* _About this task_
Any picture in the listing is left out of the copy; all else is duplicated exactly.

* _Source data_
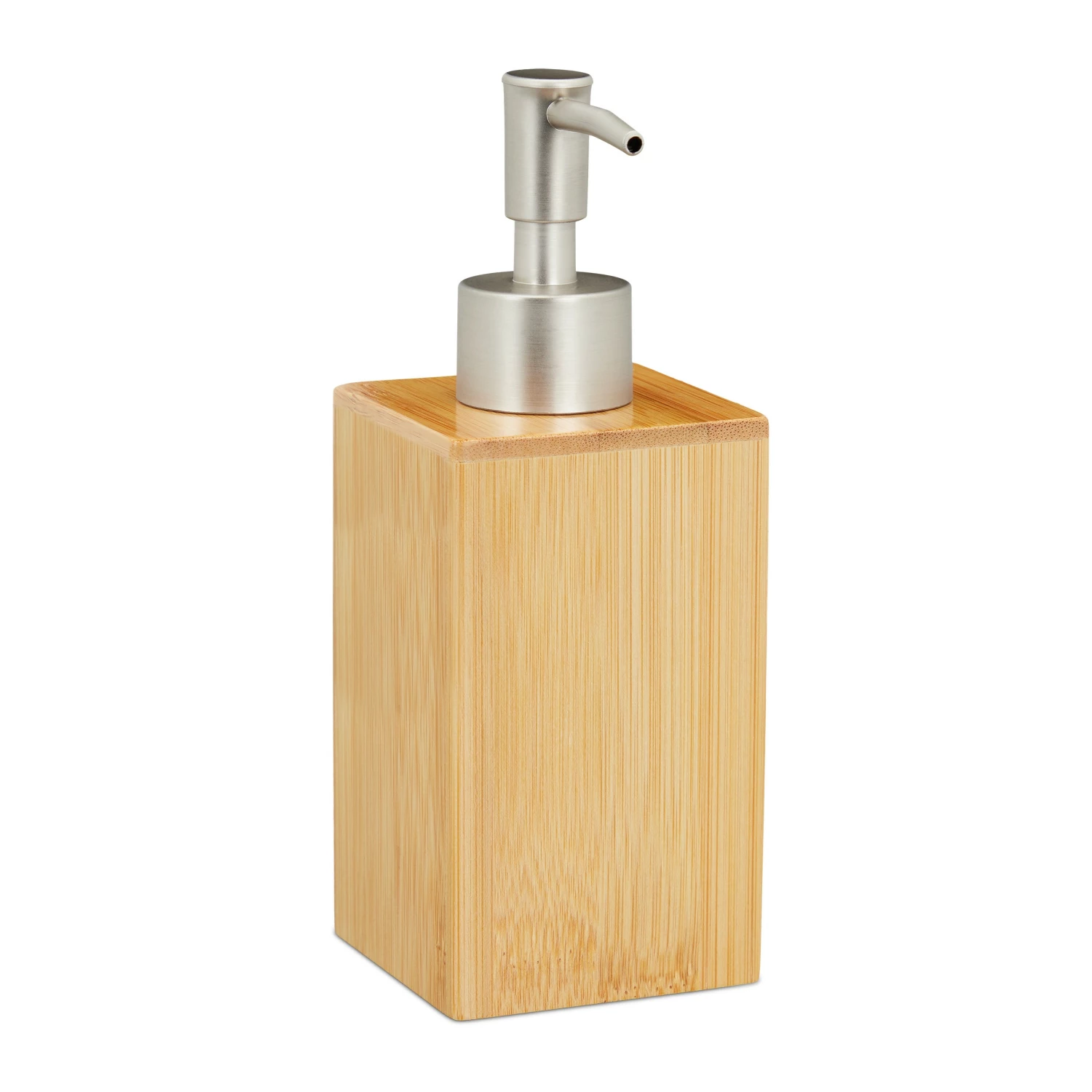 Der praktische Flüssigseifenspender ist nicht nur dekorativ, sondern auch vielseitig einsetzbar. Ob Seife, Lotion, Duschgel, Shampoo oder auch Spülmittel – mit dem Pumpspender lassen sie sich optimal dosieren. Falls der Seifendosierer einmal leer sein sollte, lässt er sich durch Abschrauben der Pumpvorrichtung einfach neu befüllen. Das edle Design aus natürlichem Bambus mit wasserfester Beschichtung macht den Handseifenspender zu einem eleganten Accessoire für Bad, WC und Küche.
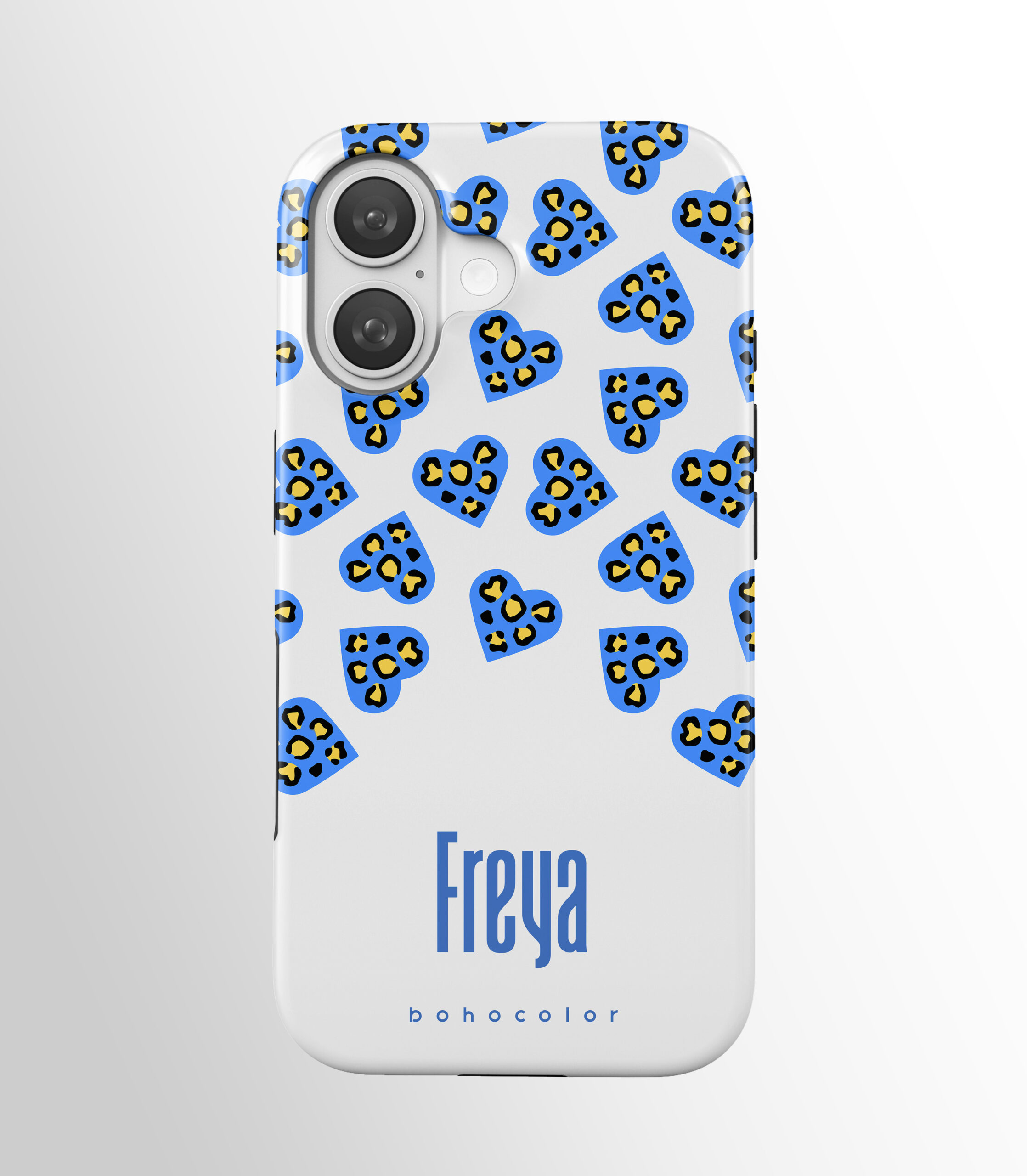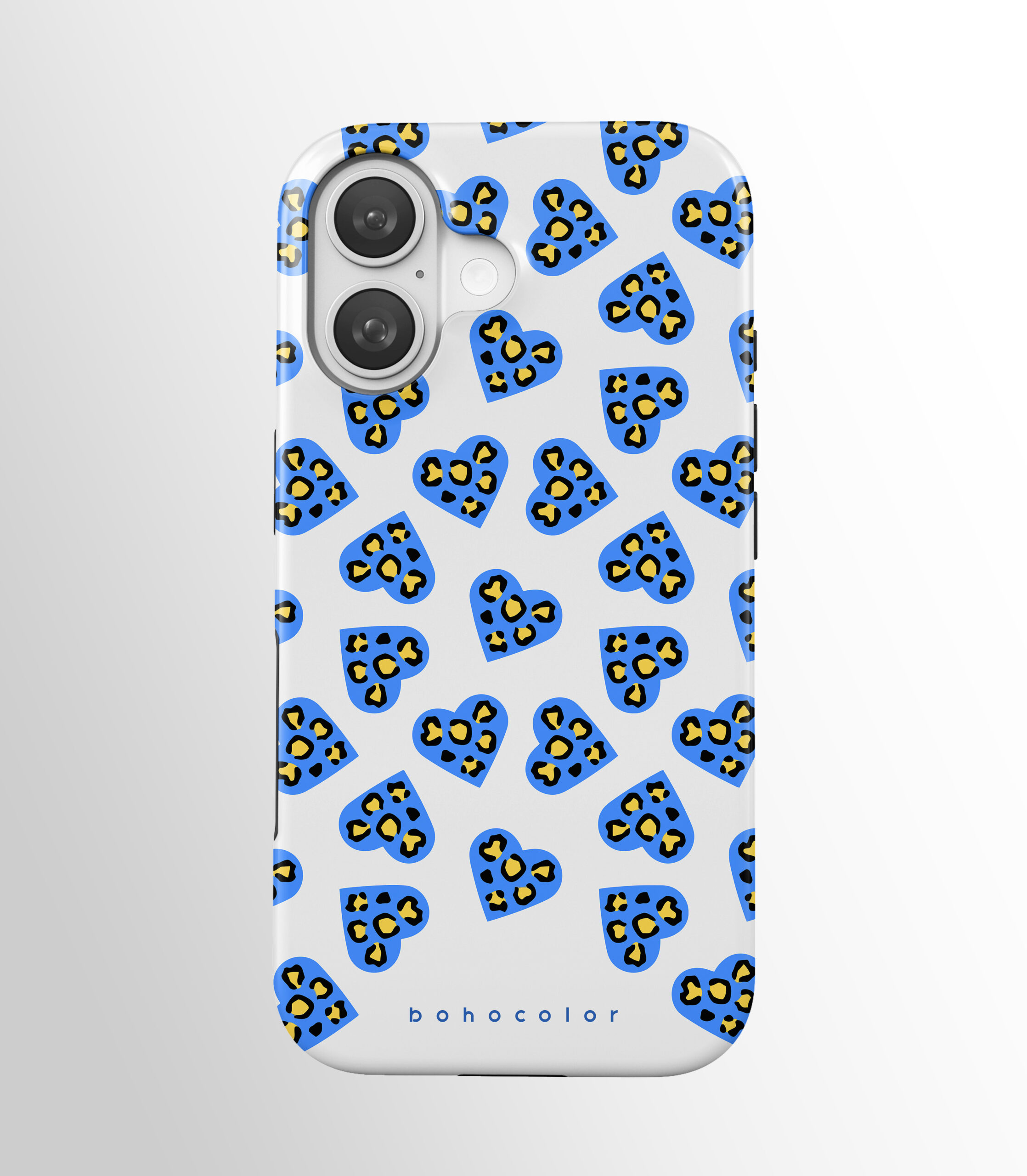 Fall in love with wild style using this unique personalized phone case. Blue hearts adorned with playful leopard spots create a quirky, charming design. This custom case is a fun, flirty accessory for a bold statement.
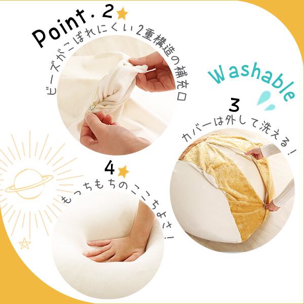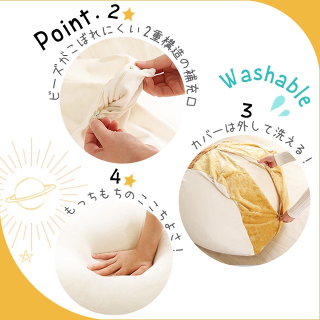 中材:発泡ポリスチレンビーズ 収縮する生地:ポリエステル88% ポリウレタン12%

* _Response_
 Der praktische Flüssigseifenspender ist nicht nur dekorativ, sondern auch vielseitig einsetzbar. Ob Seife, Lotion, Duschgel, Shampoo oder auch Spülmittel – mit dem Pumpspender lassen sie sich optimal dosieren. Falls der Seifendosierer einmal leer sein sollte, lässt er sich durch Abschrauben der Pumpvorrichtung einfach neu befüllen. Das edle Design aus natürlichem Bambus mit wasserfester Beschichtung macht den Handseifenspender zu einem eleganten Accessoire für Bad, WC und Küche.
 Fall in love with wild style using this unique personalized phone case. Blue hearts adorned with playful leopard spots create a quirky, charming design. This custom case is a fun, flirty accessory for a bold statement.
 中材:発泡ポリスチレンビーズ 収縮する生地:ポリエステル88% ポリウレタン12%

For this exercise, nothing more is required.